I was pouring sweat and felt like dropping and dying right there in the side of the path.  Arbor eventually spied a picnic table through the trees and we walked straight in to a campsite.  We got our bearings and a nice couple, Jeff and Renita pulled up in their van.  We asked them about the showers and they explained that they were down by the electric sites, as this was the primitive camp.  We asked for directions and we learned that it was quite a hike with a big uphill section.  My eyes must have rolled out of my head, because they offered to drive us down there.

They were actually returning from town to buy a tarp, since they heard that rain was headed our way.  With that news, we quickly set up camp, grabbed our shower kit and our dirty laundry and jumped in the van for a blissful ride once again.  They were from Wheaton on their way to Kansas and had children only slightly older than our own.  This is their first trip away without kids!  We told them about our trip and we were suddenly at the shower house.  

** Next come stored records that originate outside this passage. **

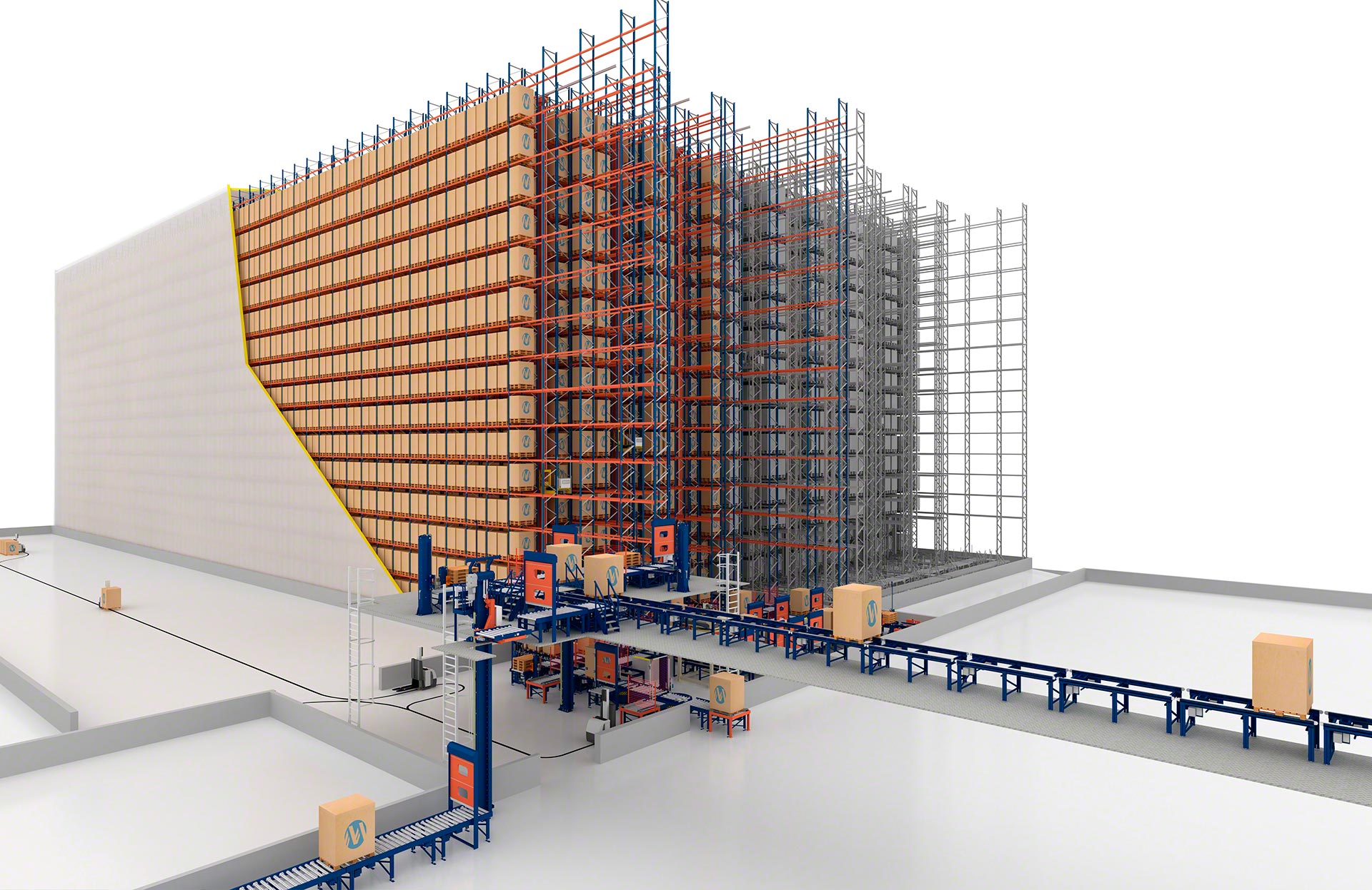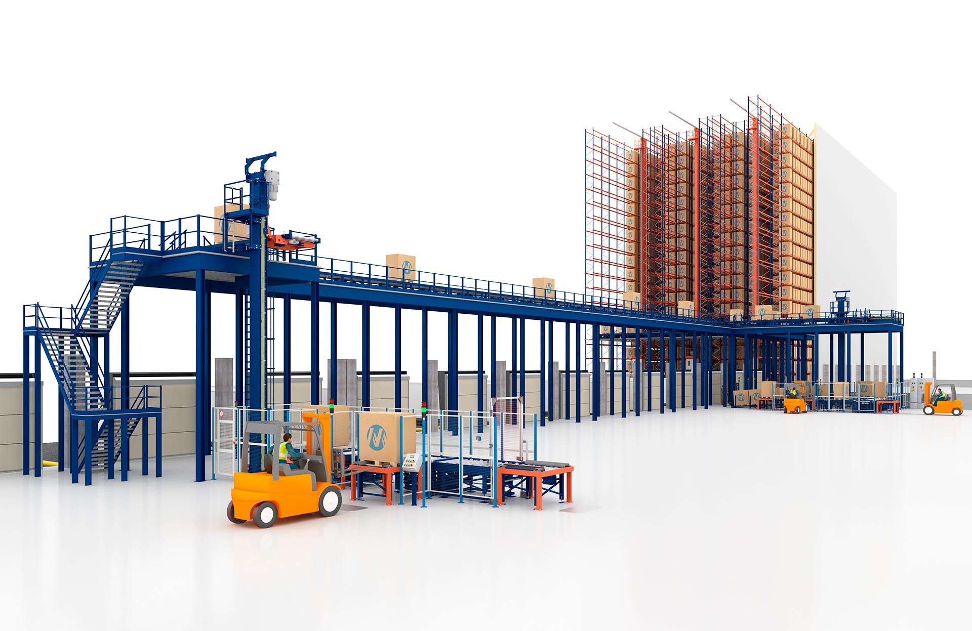 Les transstockeurs sont des équipements conçus pour le stockage automatique de palettes. Ils se déplacent simultanément à l’horizontale et à la verticale le long des allées de stockage, munis de fourches télescopiques qui leur permettent d’extraire et de déposer les palettes de manière autonome.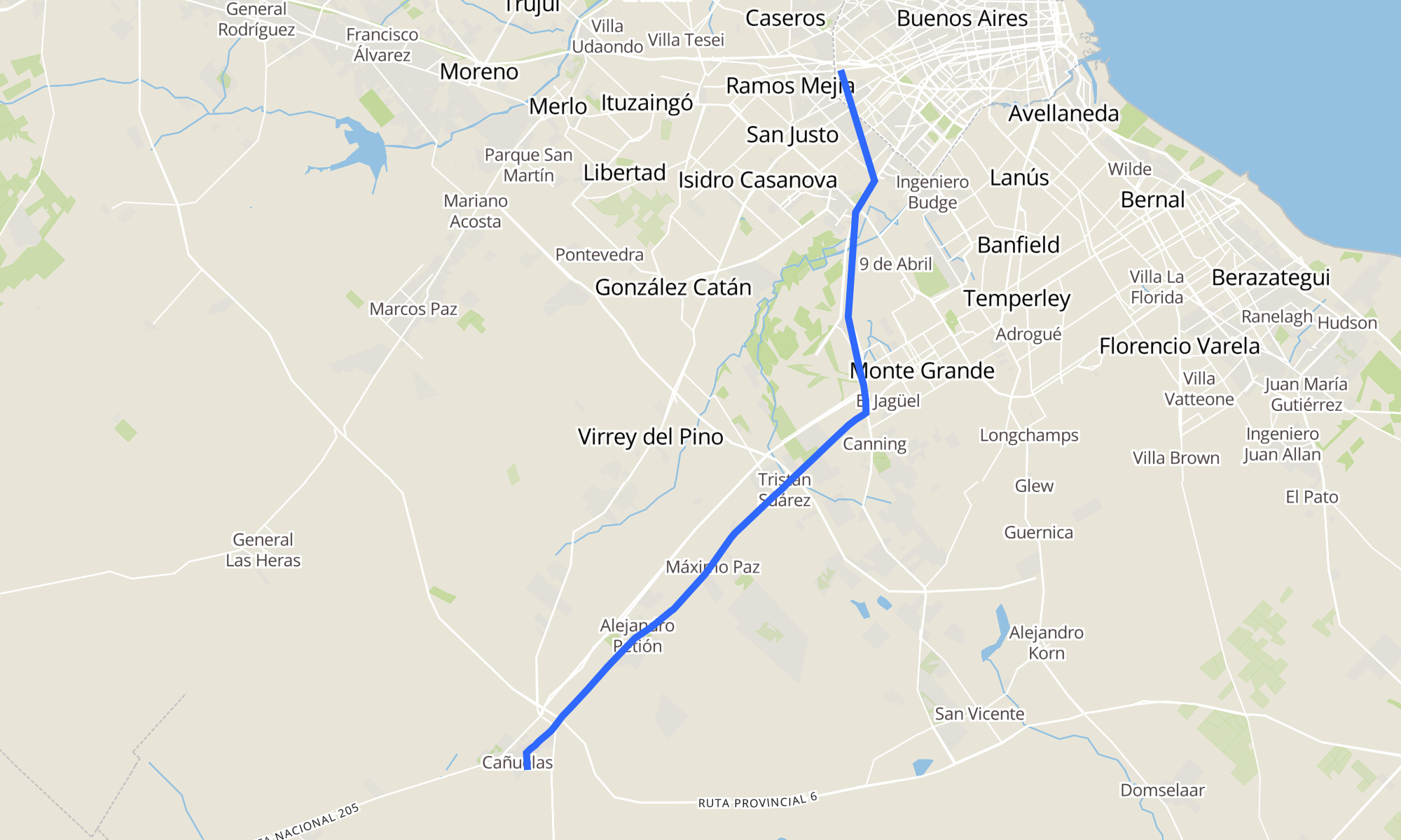 | Centro De Trasbordo Liniers (8 - 47) | Estación Cañuelas (51 - 502) |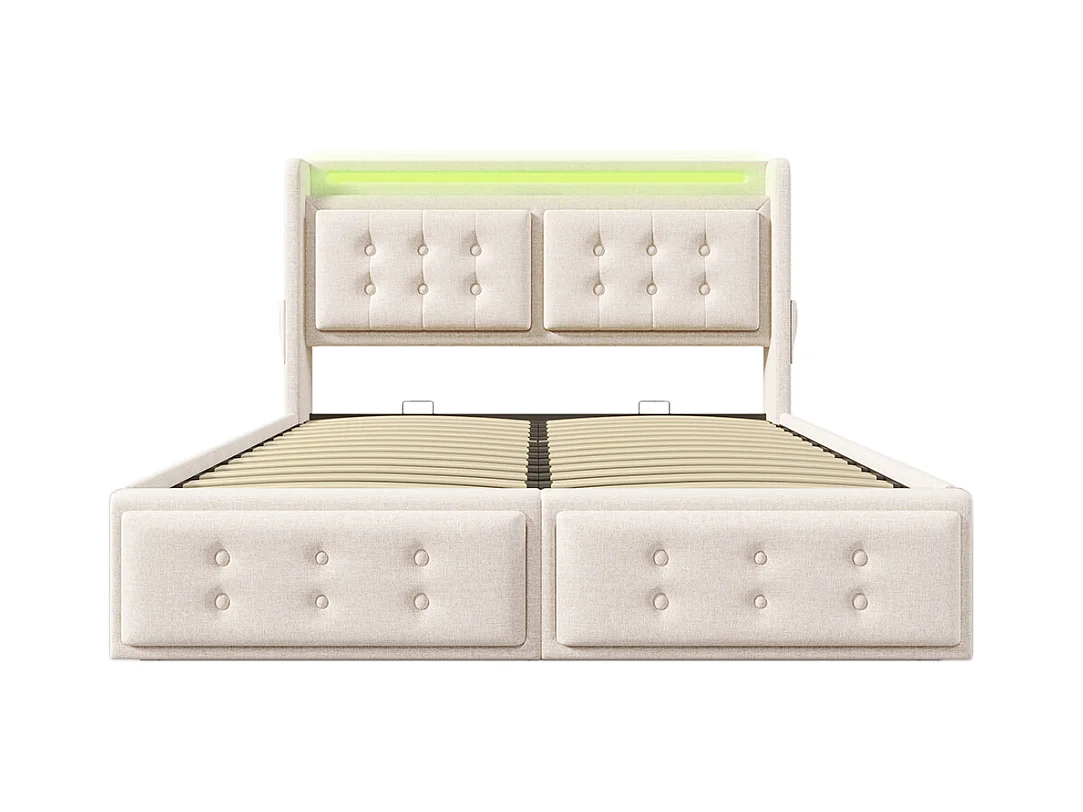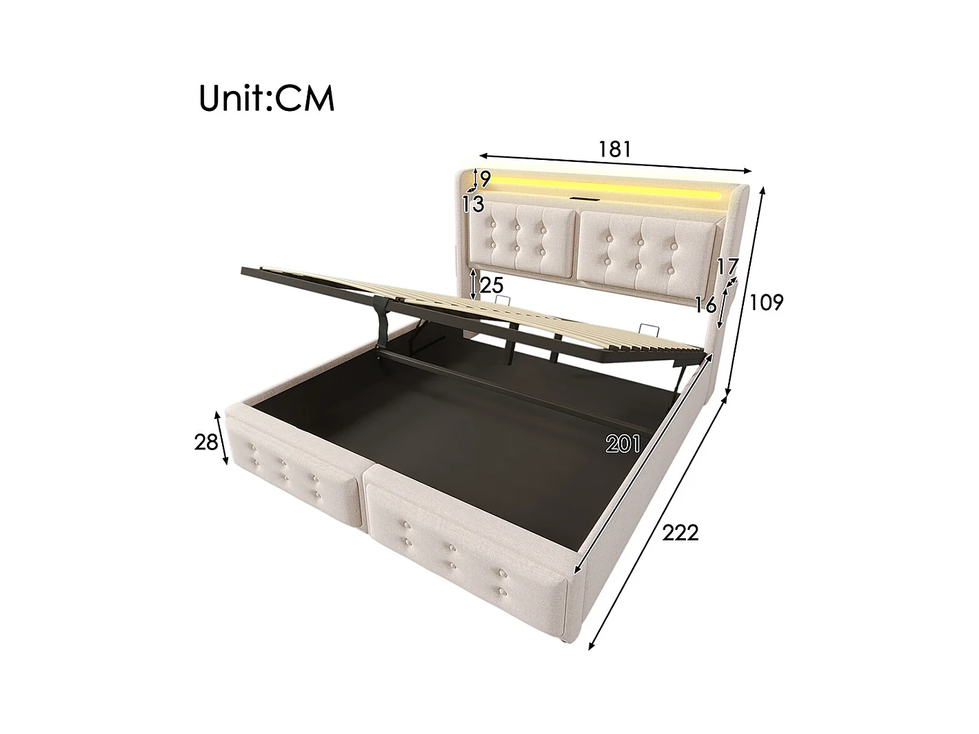 Lit coffre 180x200 avec tête de lit LED et fonction de recharge USB C avec sommier à lattes Sans matelas Coton Beige

The shower was warm and wonderful and I got clean for the first time in far too long.  We were prepared to wash up when we camped in the woods, but with all the rain lately, it’s the last thing you want to worry about.  We also washed a set of clothes, because they were developing a rather pungent funk.  I hope it doesn’t take too many days before they’re dry. 

We hoofed it back to the primitive sites, another half mile or so away.  The only consolation was the beautiful lake along our path.  The rain was coming in light spurts, and we made it back to camp just before dark, giving us time to make dinner and retreat to our hammocks.

This was a crazy long entry and it’s already 10:30.  I am usually a pretty strident night owl, but at the moment 10:30 seems far too late to be awake.